Letterkunde

BOEKEN NR. 3, MAART 2023

Yves Kerremans en Noël Slangen: De eeuw van Marc Sleen

door Christophe Van Eecke

Na de grote bundeling van de interviews die Marc Sleen tijdens zijn leven gaf, brengen auteurs en Nerologen Yves Kerremans en Noël Slangen nu een groot biografisch koffietafelboek over de geestelijke vader van Nero waarin zij alle grote mijlpalen en thema’s uit Sleens leven hoofdstuksgewijs belichten. Dat alles wordt zeer ruimhartig geïllustreerd met een keur aan afbeeldingen, in grote mate zijn dat originele stroken, titelplaten en tekeningen die nooit eerder werden gepubliceerd. Op die manier krijgt de kijker niet alleen een inkijkje in de creatieve keuken van Sleen, maar wordt ook de veelzijdigheid van zijn oeuvre toegelicht.  

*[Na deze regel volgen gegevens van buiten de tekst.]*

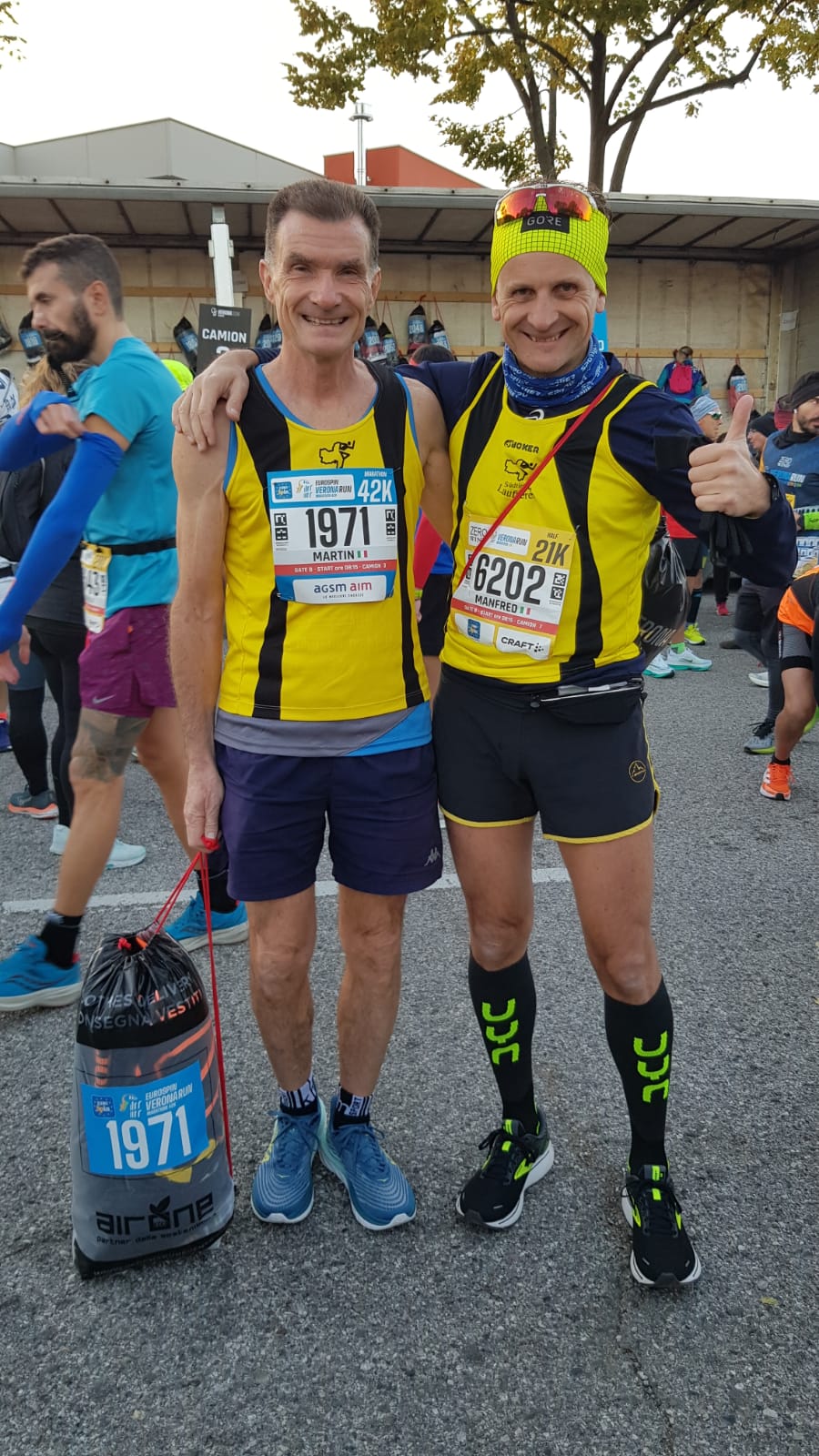 Unser Vielläufer Martin Rossi lief am 19. November, genau an seinem 65. Geburtstag den Verona-Marathon und somit nach dem Medoc-Marathon Anfang September seinen bereits 2. Marathon innerhalb weniger Monate. Bis km 30 lief es sehr gut, danach musste er kämpfen und büßte bis zum Schluss noch einige Minuten an Zeit ein. Er konnte nach hartem Kampf auf den letzten Kilometern trotz allem seine Bestzeit vom Amsterdam-Marathon im Oktober 2022 um ca. 45 Sekunden auf 3:27:47 Stunden (Nettozeit) verbessern. Martin benötigte 1:40:27 Stunden für die 1. Hälfte und 1:47:20 Stunden für die 2. Hälfte, belegte dabei den 635. Gesamtrang (587. Mann), holte den 6. Rang in der Kat. M65 und konnte sich somit über sein selbstgemachtes Geburtstagsgeschenk richtig freuen.
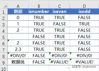 另一方面,对于空单元格、错误值、文本这些无法转换成数字的情况,isnumebr照旧返回False,而iseven和isodd只有在无法转换成数字时才会返回错误,而空单元格当作0处理,被判断为偶数。
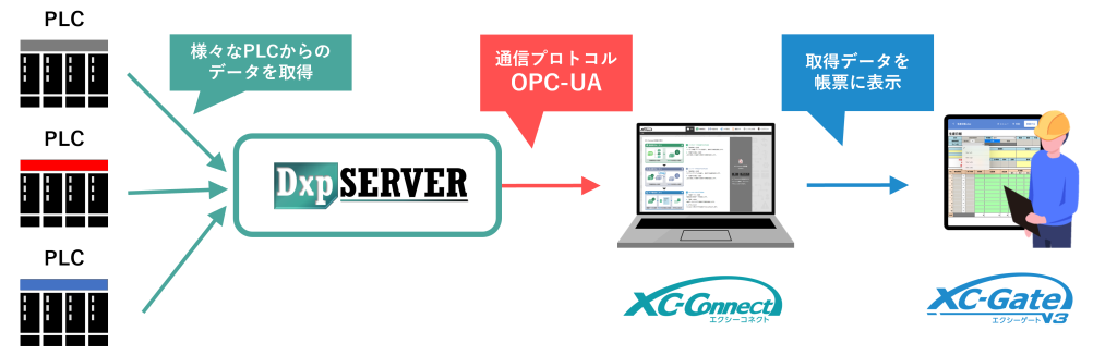 とはいえ連携したい機器の種類は現場によって千差万別。そんな時にOPCサーバーを中継することにより、様々な機器からのデータをスムーズにXC-Connect側へ取り込むことができるようになります。
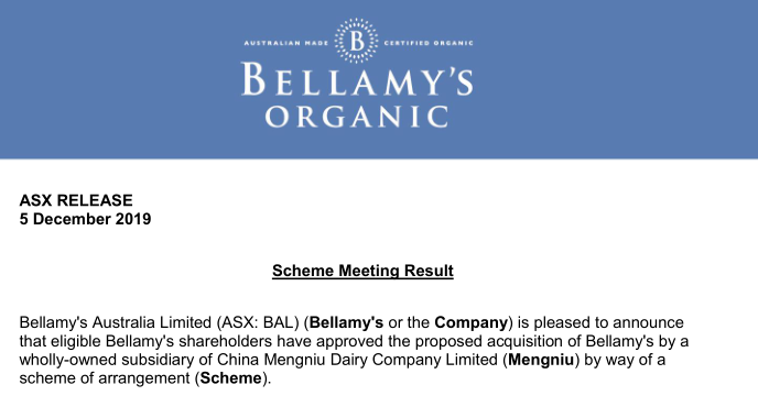 当地时间12月5日,贝拉米就此次交易连发3份公告。在当天举行的股东大会上,出席大会的符合条件股东中有82.88%投出赞成票,合计有99.23%的投票赞成收购决议,同意蒙牛每股13.25澳元的收购报价。
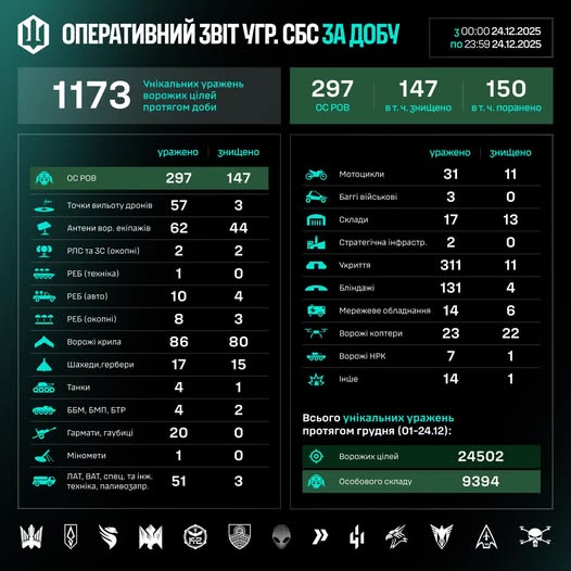 Загалом упродовж грудня (01–24.12) знищено/уражено 24502 цілі, з них – 9394 особовий склад противника.
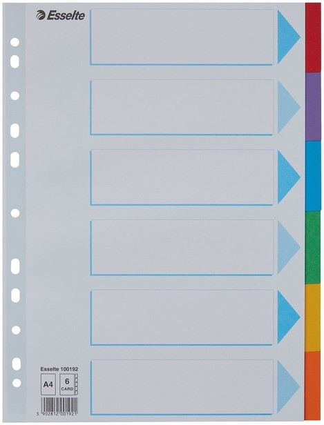 Tabbladen Esselte Standaard A4 10-delig karton 11-rings met voorblad assorti
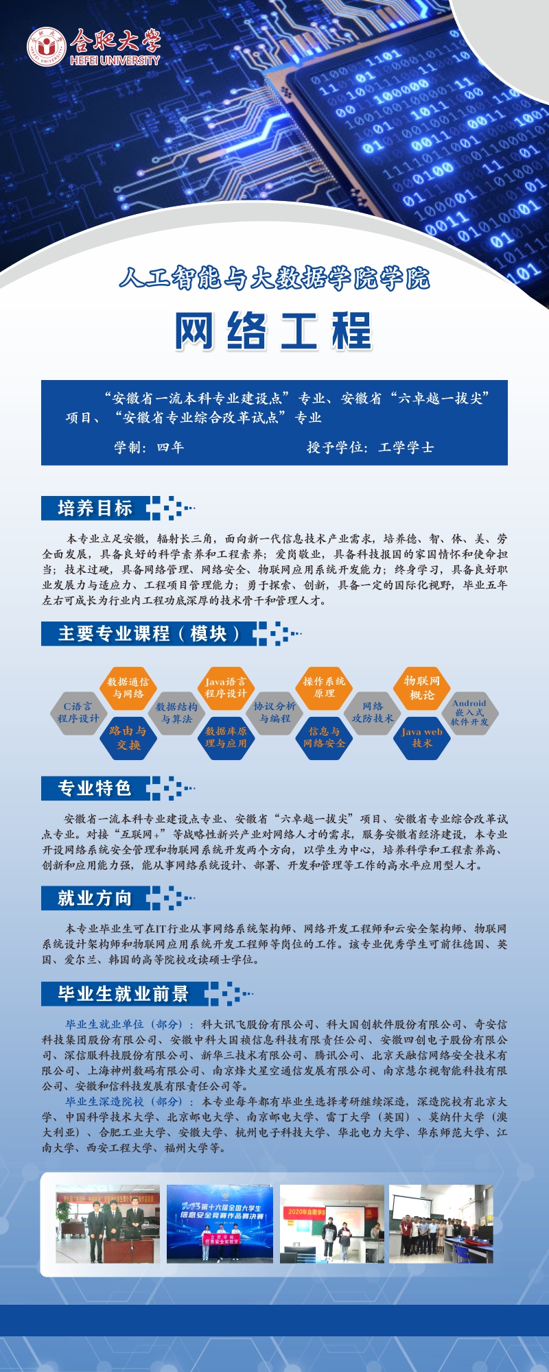 培養(yǎng)目標及特色:本專業(yè)立足安徽,輻射長三角,面向新一代信息產(chǎn)業(yè)發(fā)展需求,培養(yǎng)德、智、體、美、勞全面發(fā)展,具備良好的科學素養(yǎng)和工程素養(yǎng),具有網(wǎng)絡基礎、網(wǎng)絡協(xié)議、網(wǎng)絡管理和網(wǎng)絡安全等方面扎實的理論基礎,并通過提出問題、分析問題、自主學習來解決復雜網(wǎng)絡工程問題,能夠從事計算機網(wǎng)絡系統(tǒng)的分析、設計、集成、開發(fā)、測試、運行維護和管理的高素質(zhì)工程應用型人才。

Deze uitgave, die eind vorig jaar de honderdste geboortedag van Sleen en de vijfenzeventigste verjaardag van het eerste optreden van Nero als dagbladverschijnsel markeerde, richt zich in de eerste plaats op fans en bewonderaars, maar ook op iedereen die geïnteresseerd is in de geschiedenis van het vaderlandse beeldverhaal. Zoals de auteurs aangeven, zijn veel uitspraken van Sleen in deze uitgave ontleend aan het eerdere interviewboek, waarmee deze verjaardagspublicatie duidelijk in dialoog staat. Maar de voornaamste aantrekkingskracht gaat natuurlijk uit van de prachtige iconografie, die voor geen enkele Nero-fanaat te versmaden is. De kwaliteit van zowel het bronmateriaal als de reproducties is uitmuntend.
 
Het boek zelf is niet geheel chronologisch opgebouwd en bevat ook thematische hoofdstukken. Hierdoor ontstaat mozaïekgewijs een divers beeld van Sleen, met bijzondere aandacht voor zijn strubbelingen met de censuur (met name over politiek gekleurde karikaturen), de rol van zijn grote liefde Mady in zijn leven, de manier waarop zijn tweede liefde Catharinea Kochuyt zijn blik op vrouwenzaken veranderde, het beeld dat hij van zijn geliefde Afrika creëerde, en uiteraard ook de meest traumatische ervaringen uit zijn leven: het verlies van zijn kind en zijn gevangenschap in de harde handen van de nazibeulen.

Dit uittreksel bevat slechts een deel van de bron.